SUPPLIED ENTRIES:
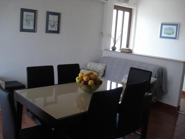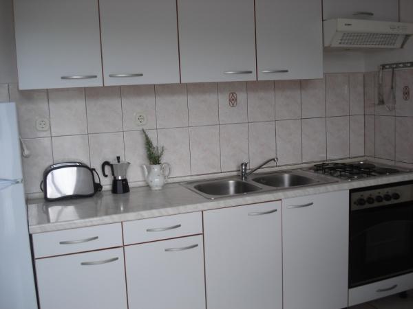 Nous avons des vacances dont nos propriétaires extrêmement gentils se souviendront. Absolument discrètement, on nous a offert tout le séjour. Pour la première fois en 20 ans, une boisson fraîche nous attendait à notre arrivée. Avant notre départ, nous avons mangé un délicieux repas de fruits de mer, une tasse de figues le matin et même un dessert composé d'une délicieuse tarte aux pommes. Les incroyables propriétaires. L'appartement est très spacieux, très propre, avec de nombreux accessoires, par exemple. assez de serviettes, serviettes, ustensiles de cuisine, nettoyant lave-vaisselle, poudre lave-vaisselle, grand réfrigérateur avec congélateur, terrasse spacieuse. Internet ne fonctionne que sur la terrasse, réception de la télévision n'était pas le meilleur. Application de localisation est adapté à quelqu'un qui veut passer des vacances paisibles. Sur la plage (à quelques mètres) se trouve un super bar avec des prix très modérés (bonne bière 17kun, pizza de 43 à 50 kunas), un inconvénient mineur est que le magasin se trouve à 800 m en haut de la colline. Vous avez besoin d'un vélo ou d'une voiture pour aller chercher du pain. La plage est dégagée, avec suffisamment d'ombre et de soleil. Cependant, le fond marin descend rapidement, après seulement quelques mètres. En fin de compte: grands propriétaires, beaux fruits de mer grillés, vacances tranquilles en famille,
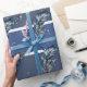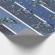 Blaue Federn auf blauen und weißen Streifen Geschenkpapier
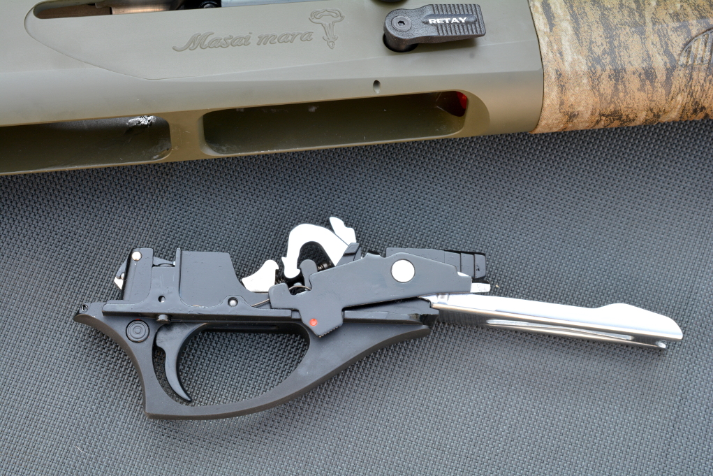 Prima di accennare qualche cosa sul cinematismo, appare doveroso citare un’altra feature del Masai Mara. Con un semplice movimento è infatti possibile rimuovere l’intero gruppo di scatto. È sufficiente – a cane armato – premere il piccolo pulsante rotondo e zigrinato situato alla base del ponticello (lato destro) e tirare verso il basso: il gioco è fatto. Per rimontare il tutto, è sufficiente inserire il gruppo scatto nel suo alloggiamento, avendo cura di premere anche il pulsante di rilascio otturatore per impedire qualsiasi ostacolo dovuto alla leva discesa cartucce. È un’operazione semplice e veloce, da compiere rigorosamente con il fucile scarico e che pone una riflessione.
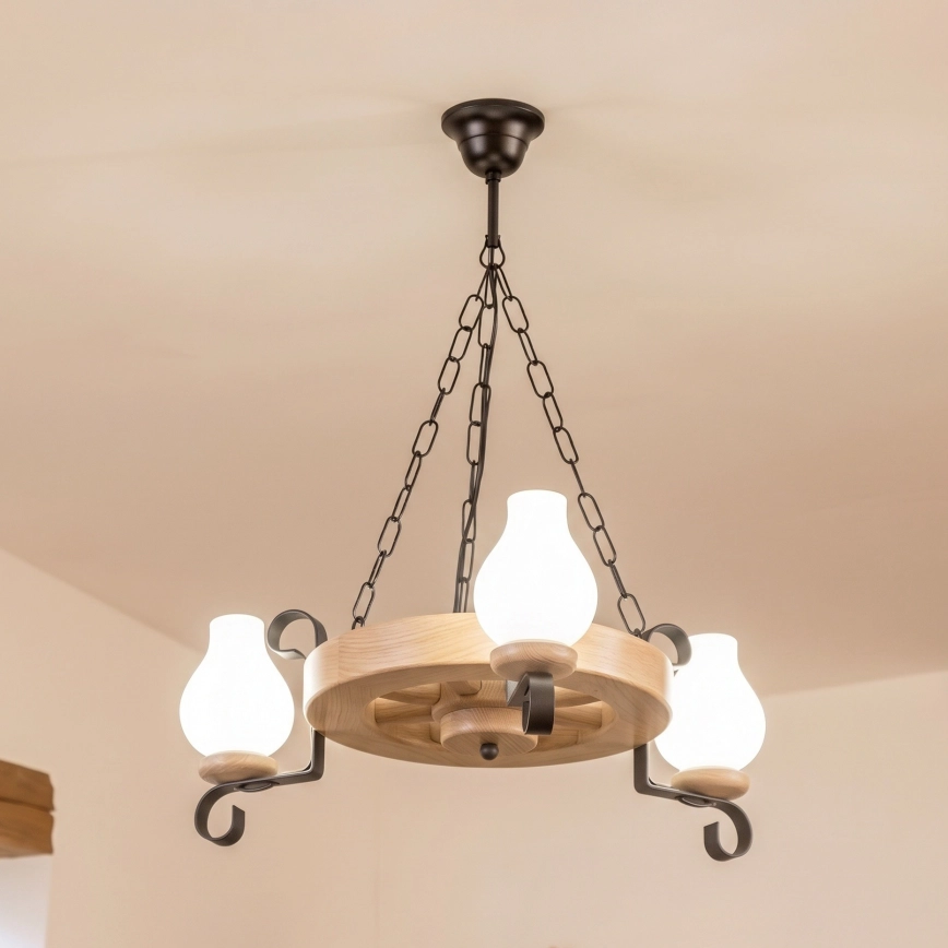 Brilagi - ROATA Chain-Hung Chandelier 3xE14/40W/230V Oak characterizes nice and functional design.  A bulb with E14 cap is suitable for the light. Here, you can buy other bulbs at advantageous prices. You will have an interesting addtiion to your home.
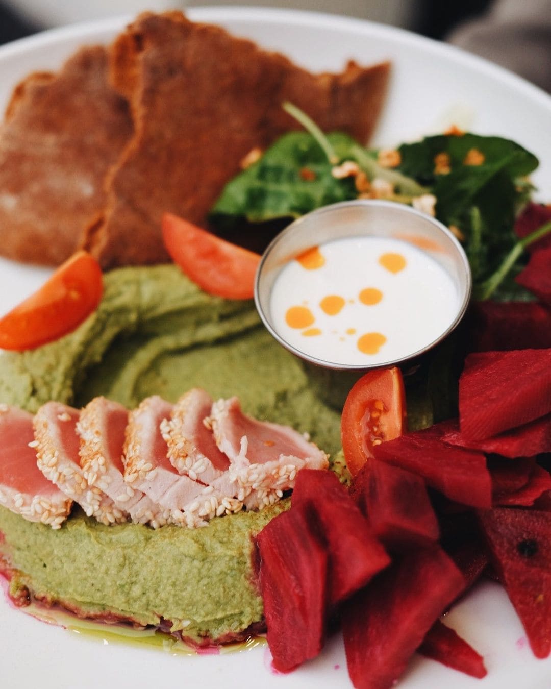 Чудове місце не лише для поціновувачів інстаграмних локацій, але й смачної кухні Близького Сходу. В меню: хумус, хумус з овочами та піти зі свіжим орегано й шакшука.
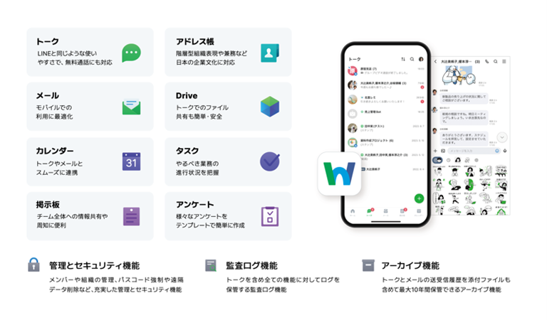 LINE WORKS(東京都渋谷区)は、法人向けビジネスチャットツール「LINE WORKS(ライン ワークス)」を提供する。チャットとスタンプのみではなく、掲示板やカレンダー、アドレス帳、アンケートなど、現場で活用できるさまざまなグループウエア機能をそろえている。
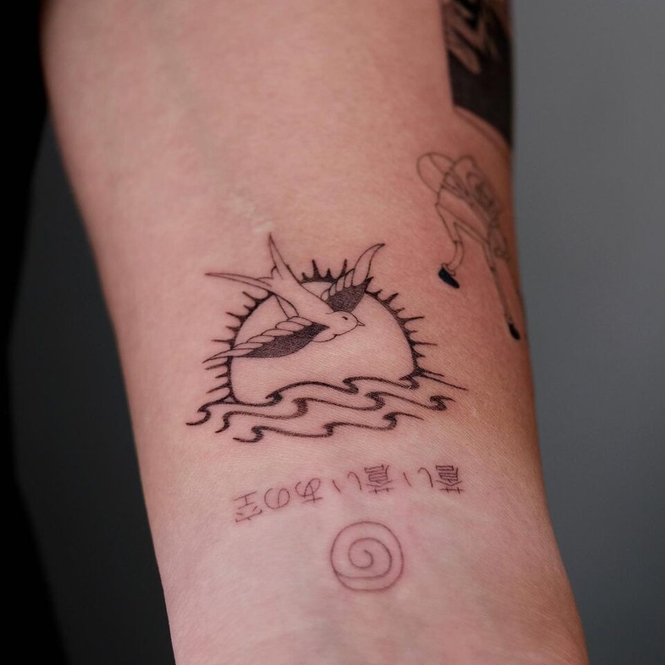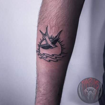 Tetování zvíře pták a Slunce na předloktí
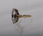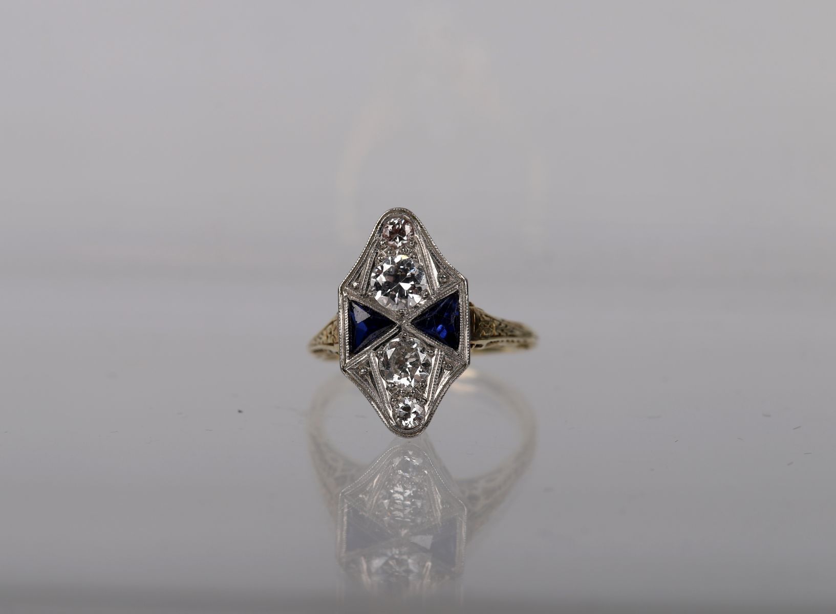 Lot 648 14 CT. GOLD SAPPHIRE AND DIAMOND RING
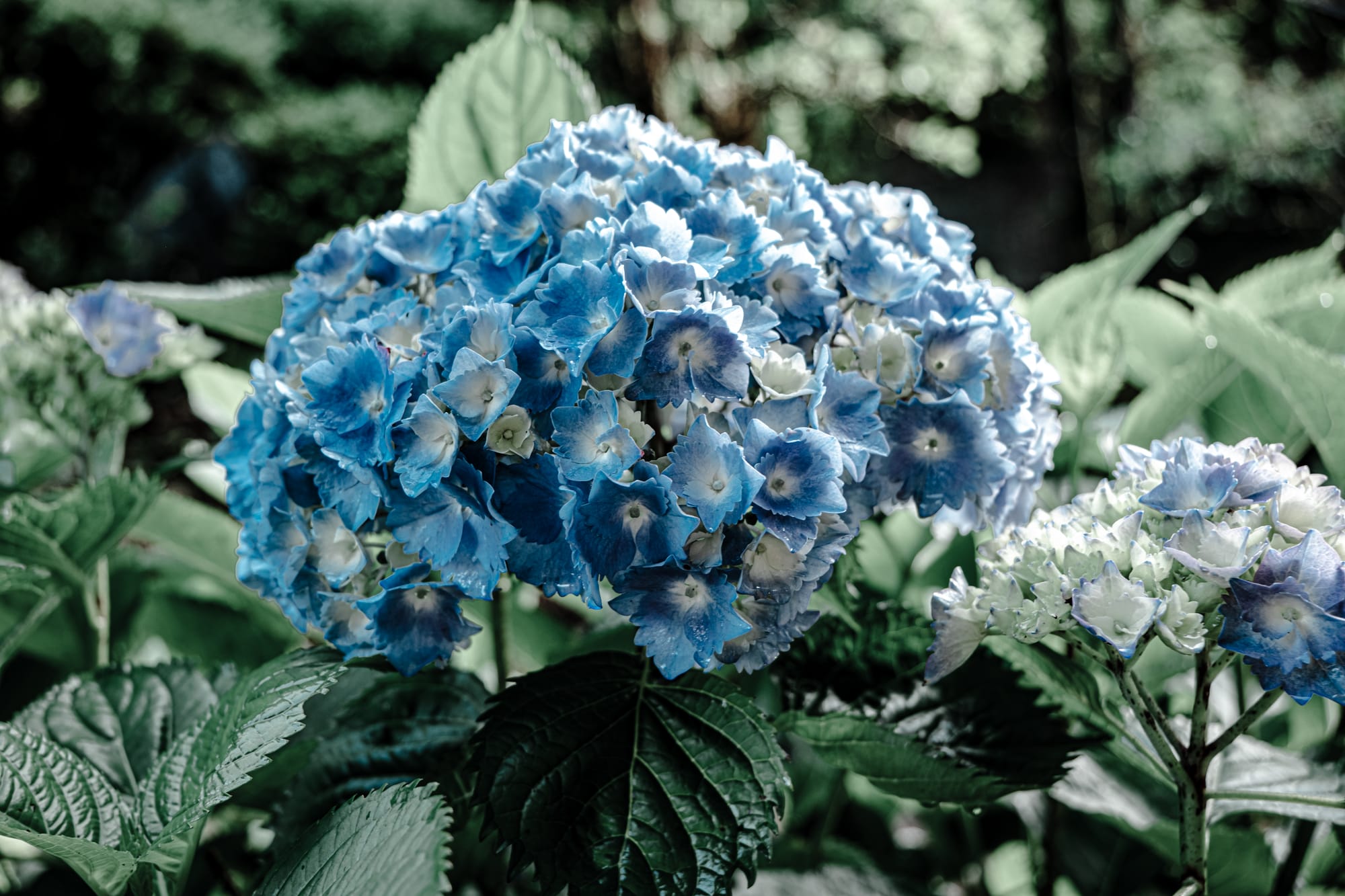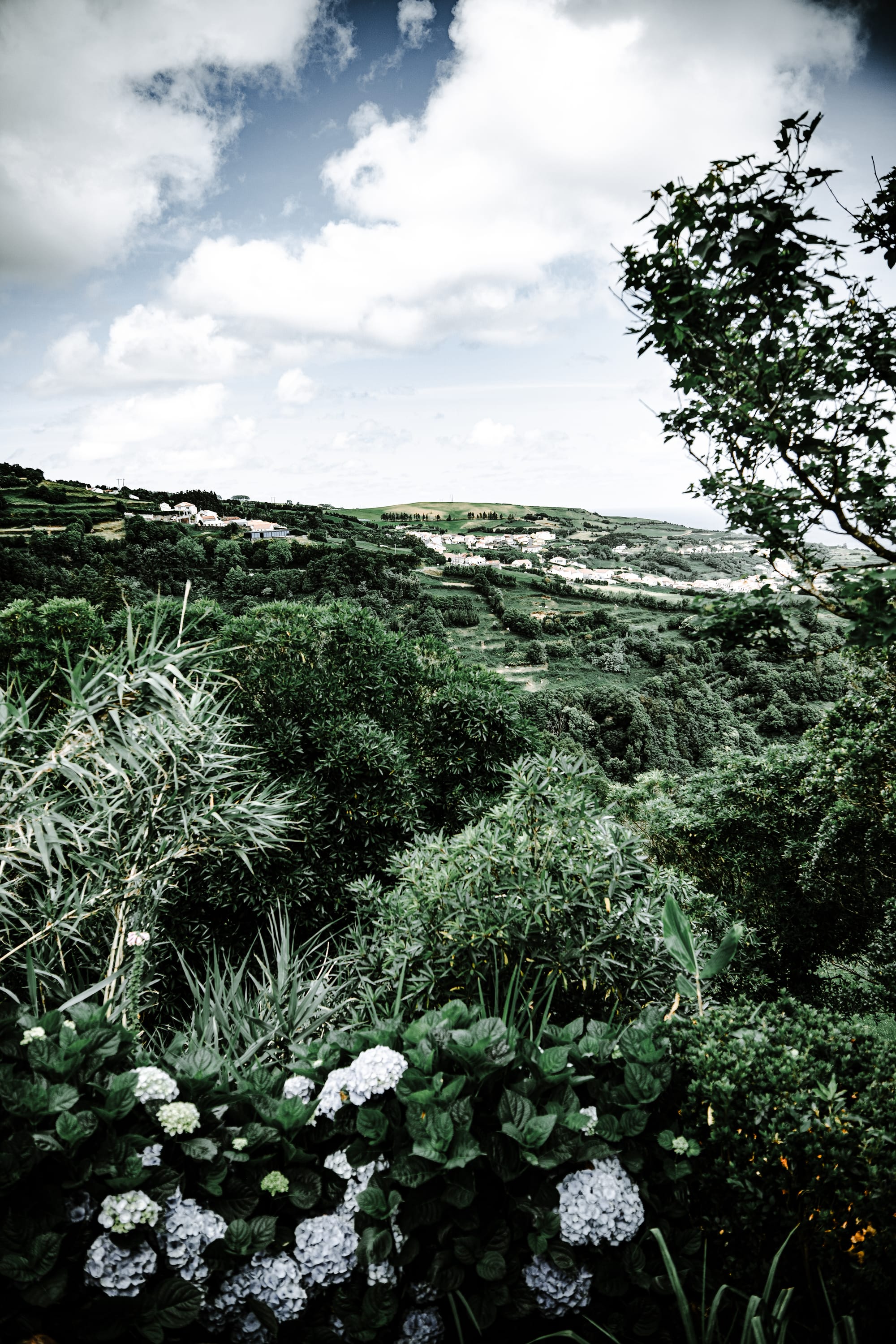 Hydrangeas crowd the hillside near the miradouro, their blooms sometimes catching ocean breeze and framing the view with deep blues and pale whites.

WHAT YOU HAVE TO DO: Every line above should be transcribed word for word; leave the pictures out.

RESPONSE TO THE TASK:
 Nous avons des vacances dont nos propriétaires extrêmement gentils se souviendront. Absolument discrètement, on nous a offert tout le séjour. Pour la première fois en 20 ans, une boisson fraîche nous attendait à notre arrivée. Avant notre départ, nous avons mangé un délicieux repas de fruits de mer, une tasse de figues le matin et même un dessert composé d'une délicieuse tarte aux pommes. Les incroyables propriétaires. L'appartement est très spacieux, très propre, avec de nombreux accessoires, par exemple. assez de serviettes, serviettes, ustensiles de cuisine, nettoyant lave-vaisselle, poudre lave-vaisselle, grand réfrigérateur avec congélateur, terrasse spacieuse. Internet ne fonctionne que sur la terrasse, réception de la télévision n'était pas le meilleur. Application de localisation est adapté à quelqu'un qui veut passer des vacances paisibles. Sur la plage (à quelques mètres) se trouve un super bar avec des prix très modérés (bonne bière 17kun, pizza de 43 à 50 kunas), un inconvénient mineur est que le magasin se trouve à 800 m en haut de la colline. Vous avez besoin d'un vélo ou d'une voiture pour aller chercher du pain. La plage est dégagée, avec suffisamment d'ombre et de soleil. Cependant, le fond marin descend rapidement, après seulement quelques mètres. En fin de compte: grands propriétaires, beaux fruits de mer grillés, vacances tranquilles en famille,
 Blaue Federn auf blauen und weißen Streifen Geschenkpapier
 Prima di accennare qualche cosa sul cinematismo, appare doveroso citare un’altra feature del Masai Mara. Con un semplice movimento è infatti possibile rimuovere l’intero gruppo di scatto. È sufficiente – a cane armato – premere il piccolo pulsante rotondo e zigrinato situato alla base del ponticello (lato destro) e tirare verso il basso: il gioco è fatto. Per rimontare il tutto, è sufficiente inserire il gruppo scatto nel suo alloggiamento, avendo cura di premere anche il pulsante di rilascio otturatore per impedire qualsiasi ostacolo dovuto alla leva discesa cartucce. È un’operazione semplice e veloce, da compiere rigorosamente con il fucile scarico e che pone una riflessione.
 Brilagi - ROATA Chain-Hung Chandelier 3xE14/40W/230V Oak characterizes nice and functional design.  A bulb with E14 cap is suitable for the light. Here, you can buy other bulbs at advantageous prices. You will have an interesting addtiion to your home.
 Чудове місце не лише для поціновувачів інстаграмних локацій, але й смачної кухні Близького Сходу. В меню: хумус, хумус з овочами та піти зі свіжим орегано й шакшука.
 LINE WORKS(東京都渋谷区)は、法人向けビジネスチャットツール「LINE WORKS(ライン ワークス)」を提供する。チャットとスタンプのみではなく、掲示板やカレンダー、アドレス帳、アンケートなど、現場で活用できるさまざまなグループウエア機能をそろえている。
 Tetování zvíře pták a Slunce na předloktí
 Lot 648 14 CT. GOLD SAPPHIRE AND DIAMOND RING
 Hydrangeas crowd the hillside near the miradouro, their blooms sometimes catching ocean breeze and framing the view with deep blues and pale whites.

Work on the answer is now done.